What you learn when you're your own client

By Álvaro Ares

What you learn when you're your own client

Directing other people’s work is one thing. Directing yourself is something else entirely.

When you build a brand for a client, there’s a natural distance between you and the result. You have judgment, experience, perspective. You can see what the client can’t because you’re not inside it. That distance is part of the value you bring.

When the brand is you, that distance disappears. And you learn things no commission can teach you.

Without a safety net

Lapatzak is my gourmet hot sauce brand. I built it from scratch — naming, identity, packaging, visual universe, content, trade show presence. Everything.

And the first thing you learn when there’s no client is that there’s no safety net either.

With a client, decisions are made through consensus. There are briefs, validations, approvals. If something doesn’t work, there’s a process to fix it. When you’re the client, every decision is yours and yours alone. Nobody to consult, nobody to blame, nobody to save you from yourself.

That’s uncomfortable. It’s also the most useful thing I’ve experienced as a creative director.

The hardest decision

A year after launch, I changed the logo.

Not because the first version was bad — it worked. But with the product in the market, labels in hand, jars on a trade show table, I saw something I hadn’t seen on screen: the brand wasn’t where I wanted to take it. It lacked elegance. That gourmet, minimal quality that sets Lapatzak apart from louder, more aggressive hot sauce brands.

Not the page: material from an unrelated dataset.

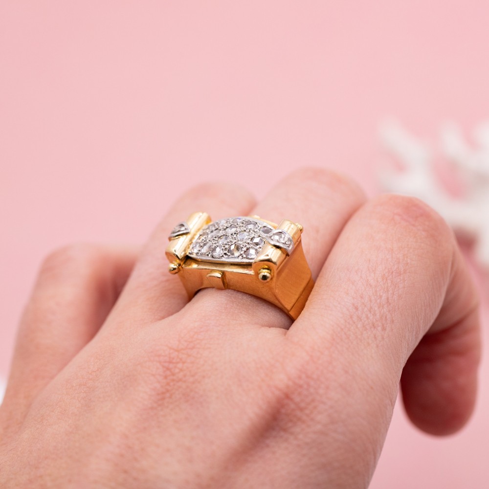 In the centre of this ring we see a white plate set with 18 rose cut diamonds, forming one sparkling whole. Two additional rose cut diamonds flank this plate on the raised yellow gold sides. Four small dots and two geometrical shapes give the ring a powerful look while the book like base of the ring finish the whole and turns this ring into a romanic beauty.

Changing it was expensive. Labels, materials, the entire system had to be redone. I did it anyway.

That decision — recognising something isn’t where it needs to be and changing it even when it hurts — is exactly what you ask of a client when you propose something difficult. Living it firsthand gives you a different authority to ask for it.

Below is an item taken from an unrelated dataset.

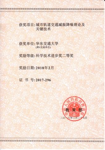为第一完成单位,由雷晓燕教授主持完成的成果“城市轨道交通减振降噪理论及关键技术”荣获2017年度高等学校科学研究优秀成果奖科学技术进步奖二等奖。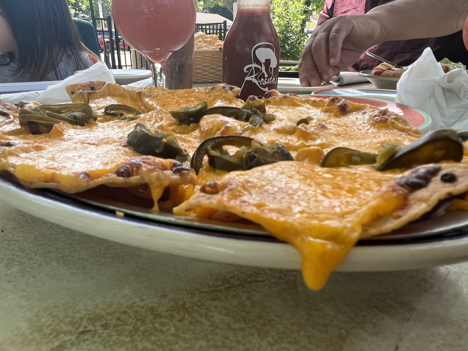 Tortilla chips topped with Monterey Jack cheese sauce, pulled pork, pico de gallo and jalapeños.

What you can’t see from the inside

The paradox of being your own client is that you lose the distance that makes you useful.

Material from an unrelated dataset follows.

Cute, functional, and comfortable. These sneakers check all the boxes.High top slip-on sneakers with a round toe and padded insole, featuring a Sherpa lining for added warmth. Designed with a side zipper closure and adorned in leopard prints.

I spent months with the labels in my head, adjusting details nobody else noticed. There’s a point where you can’t tell if something is good or if you’ve just got used to it. Objectivity erodes with proximity.

What I learned: you need contact points with reality. Trade shows, conversations, watching the product in the hands of someone who knows nothing about design. The market has a brutal way of telling you what works and what doesn’t.

And when it works — when someone stops at your stand because the labels caught their eye before they even know what’s inside — you understand what design is actually for.

The value of building something of your own

There’s a difference between knowing how to do something and having had to do it.

Building Lapatzak forced me to make decisions at every layer of the process — from naming to print-ready artwork, from the visual universe to social content. No unlimited budget, no team, no option to say “that’s not my department.”

That gives you a view of the creative process that commissioned work fragments. When you direct a project for a client, you typically enter at one point and exit at another. When you build something of your own, you see the entire arc.

And seeing the entire arc changes how you direct each part of it.

What I take from it

Being your own client teaches you three things no brief can give you.

First, that hard decisions don’t get easier with experience — they get clearer. You know sooner when something isn’t right, and you have less patience for ignoring it.

Second, that judgment is built by making real decisions with real consequences. There’s no shortcut.

And third, that the best way to understand a client is to have been in their position at some point. With everything that entails.